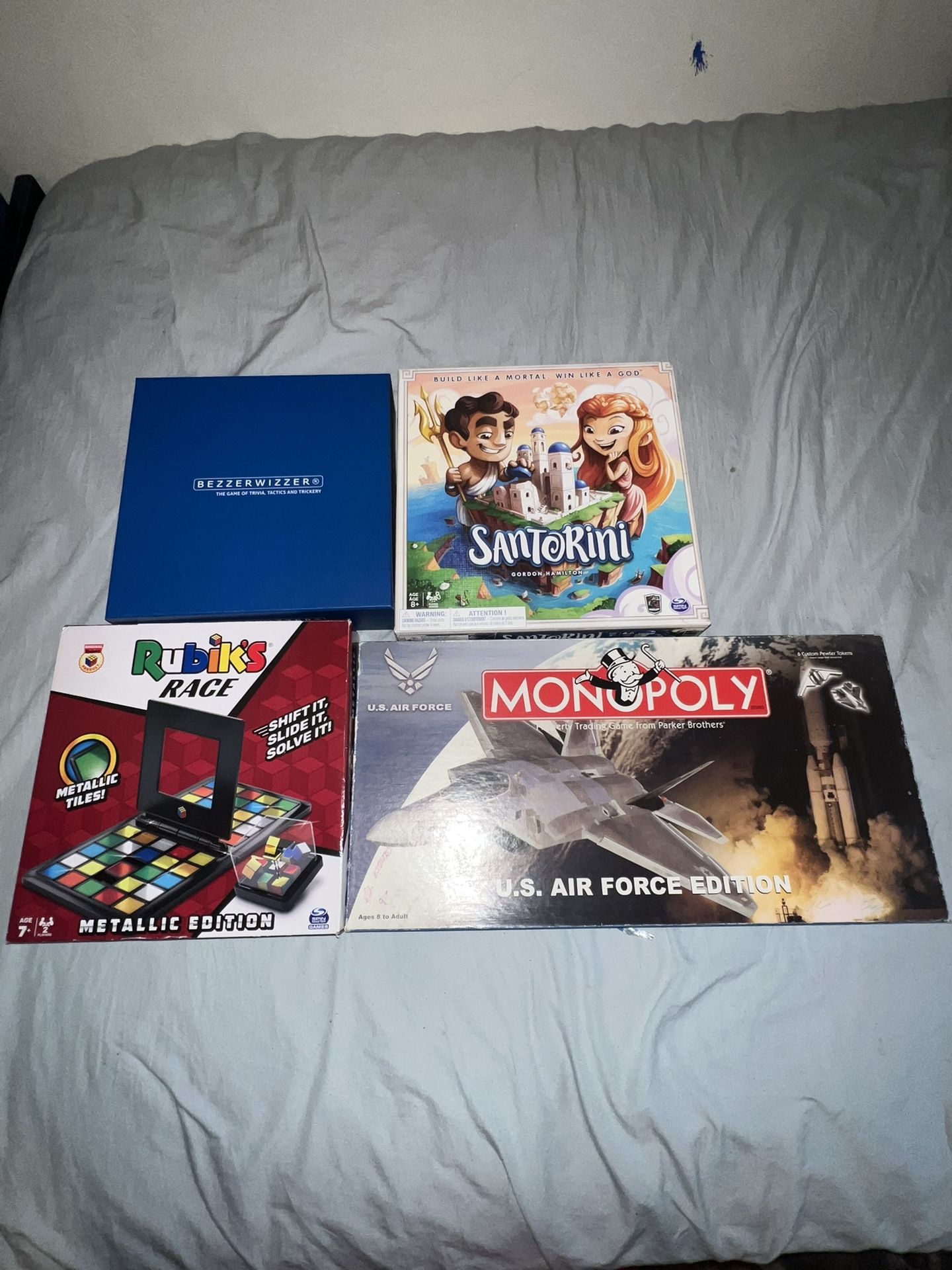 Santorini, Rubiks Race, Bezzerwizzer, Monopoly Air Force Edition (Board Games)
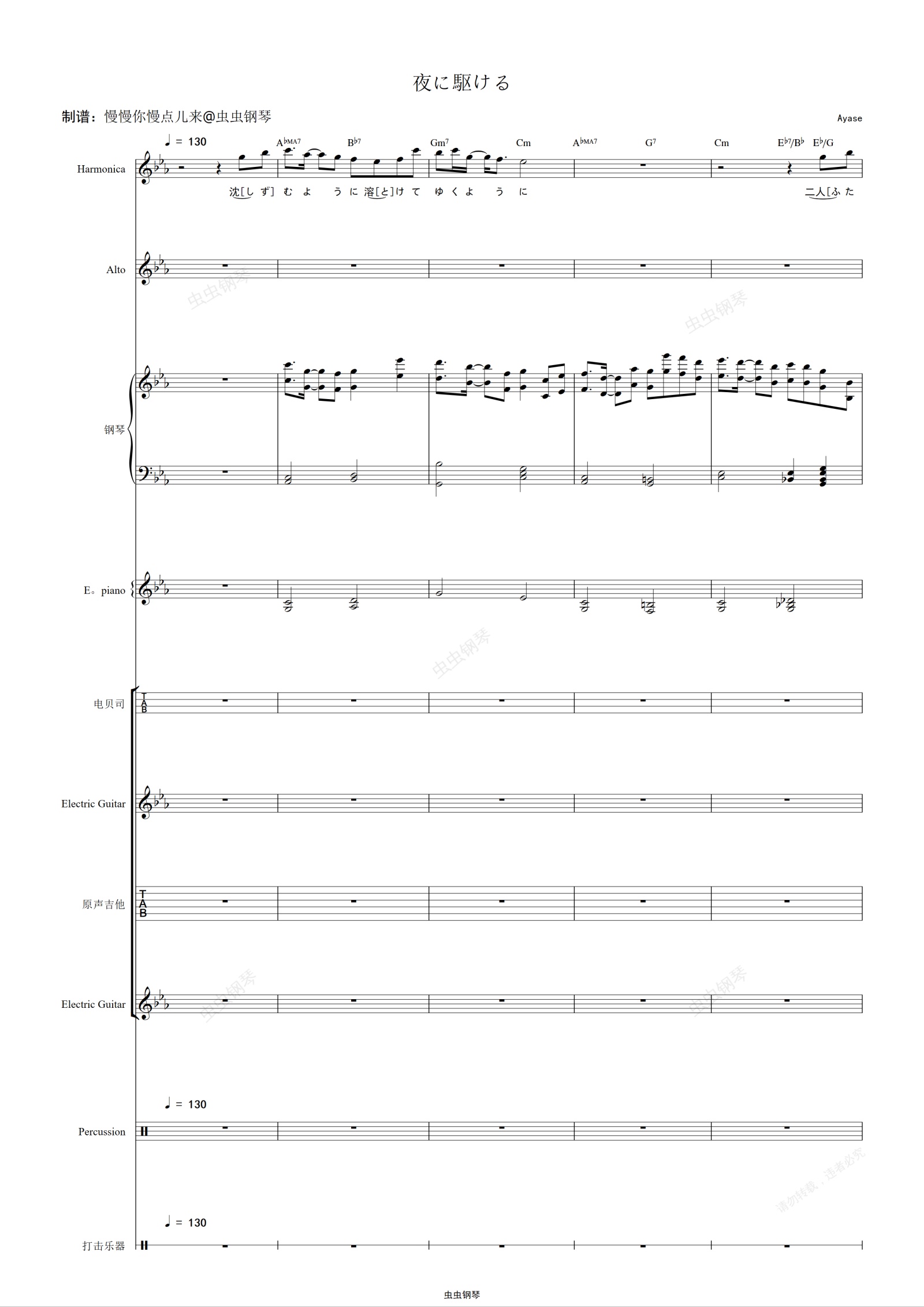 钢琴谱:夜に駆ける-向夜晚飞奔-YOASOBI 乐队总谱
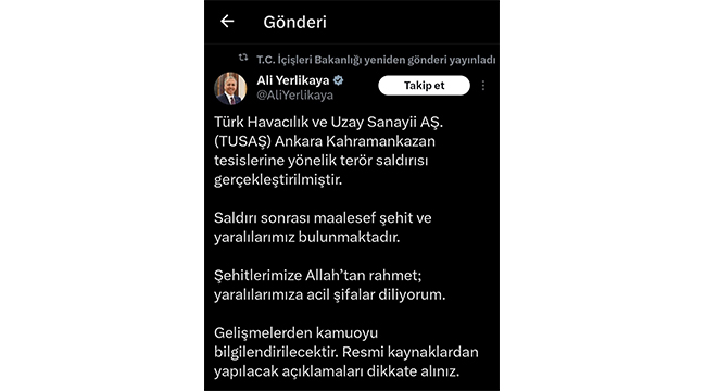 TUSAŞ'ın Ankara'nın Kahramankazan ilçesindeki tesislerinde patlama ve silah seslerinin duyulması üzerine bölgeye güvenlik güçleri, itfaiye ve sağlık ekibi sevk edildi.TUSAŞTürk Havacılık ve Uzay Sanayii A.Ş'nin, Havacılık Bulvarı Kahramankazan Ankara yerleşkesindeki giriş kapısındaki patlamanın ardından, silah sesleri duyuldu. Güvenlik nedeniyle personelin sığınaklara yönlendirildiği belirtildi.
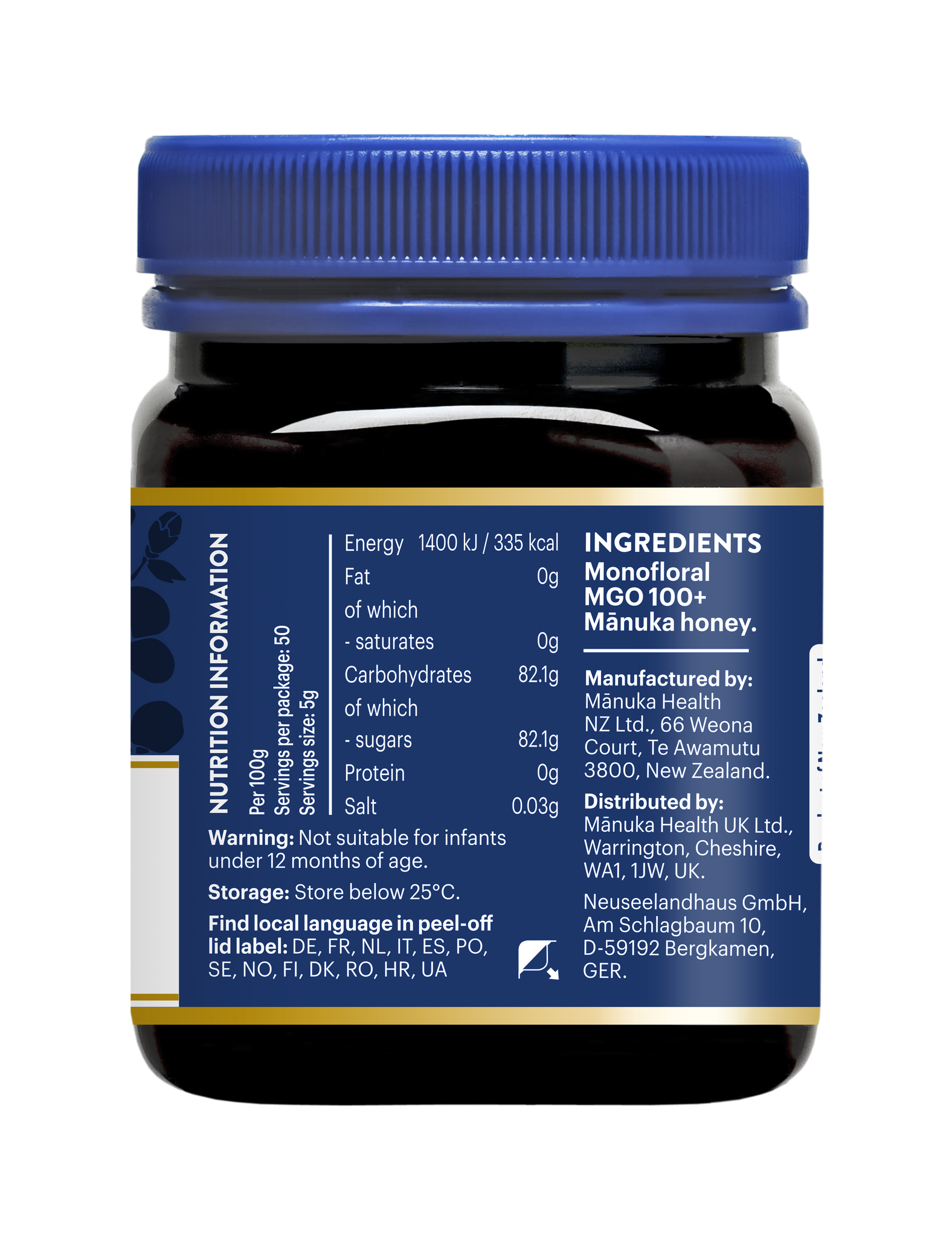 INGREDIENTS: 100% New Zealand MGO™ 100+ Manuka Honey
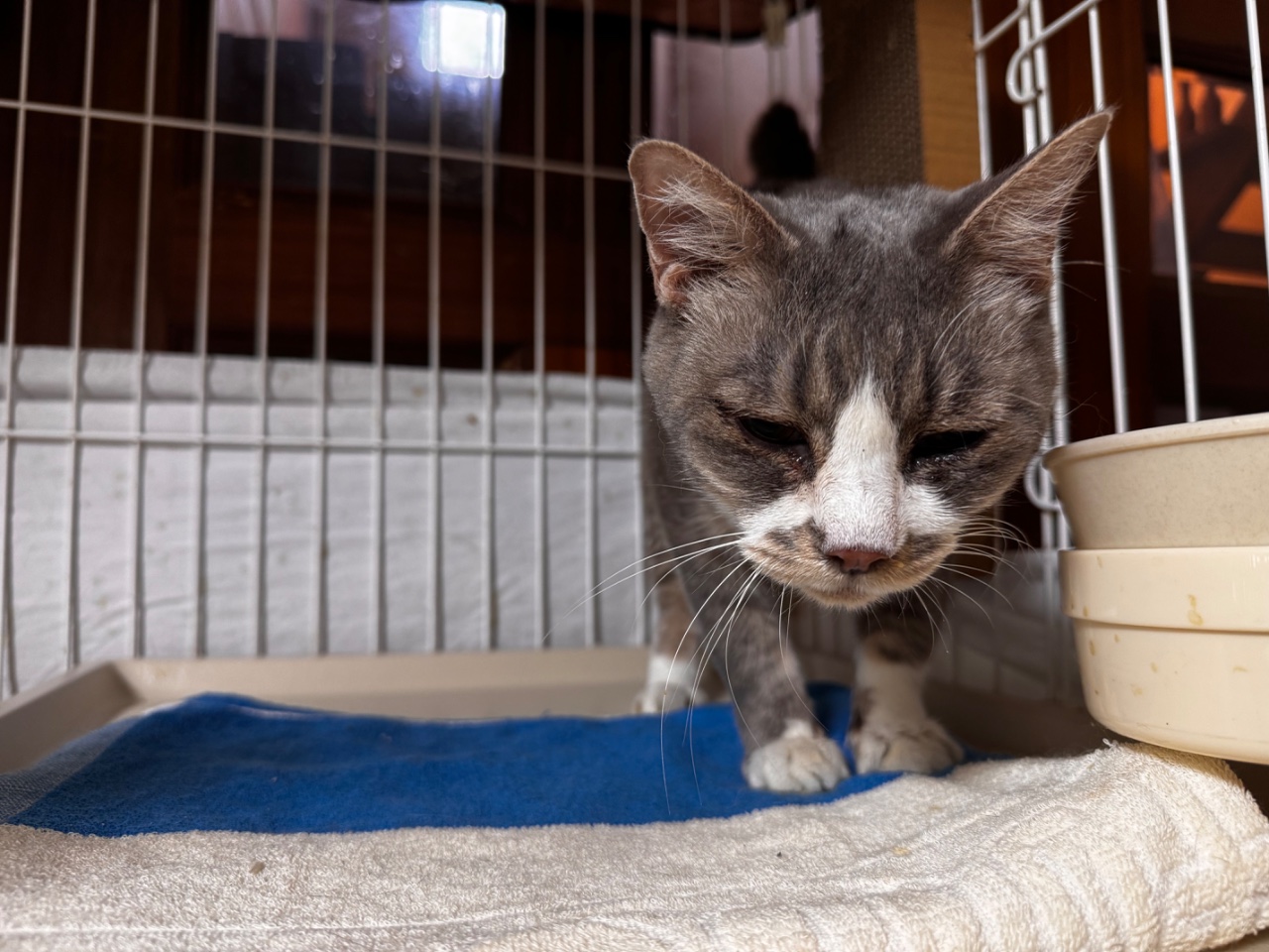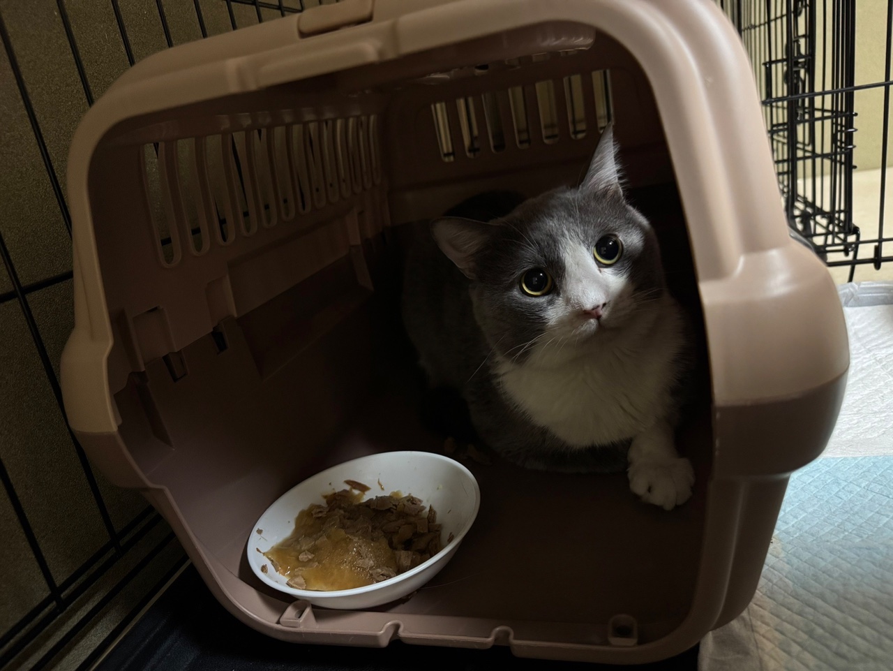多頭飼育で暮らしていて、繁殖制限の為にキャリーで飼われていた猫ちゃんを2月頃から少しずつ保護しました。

**Problem to work on**
Every line above is to be written out unchanged, with the pictures omitted.

**Solved exercise**
 Santorini, Rubiks Race, Bezzerwizzer, Monopoly Air Force Edition (Board Games)
 钢琴谱:夜に駆ける-向夜晚飞奔-YOASOBI 乐队总谱
 TUSAŞ'ın Ankara'nın Kahramankazan ilçesindeki tesislerinde patlama ve silah seslerinin duyulması üzerine bölgeye güvenlik güçleri, itfaiye ve sağlık ekibi sevk edildi.TUSAŞTürk Havacılık ve Uzay Sanayii A.Ş'nin, Havacılık Bulvarı Kahramankazan Ankara yerleşkesindeki giriş kapısındaki patlamanın ardından, silah sesleri duyuldu. Güvenlik nedeniyle personelin sığınaklara yönlendirildiği belirtildi.
 INGREDIENTS: 100% New Zealand MGO™ 100+ Manuka Honey
多頭飼育で暮らしていて、繁殖制限の為にキャリーで飼われていた猫ちゃんを2月頃から少しずつ保護しました。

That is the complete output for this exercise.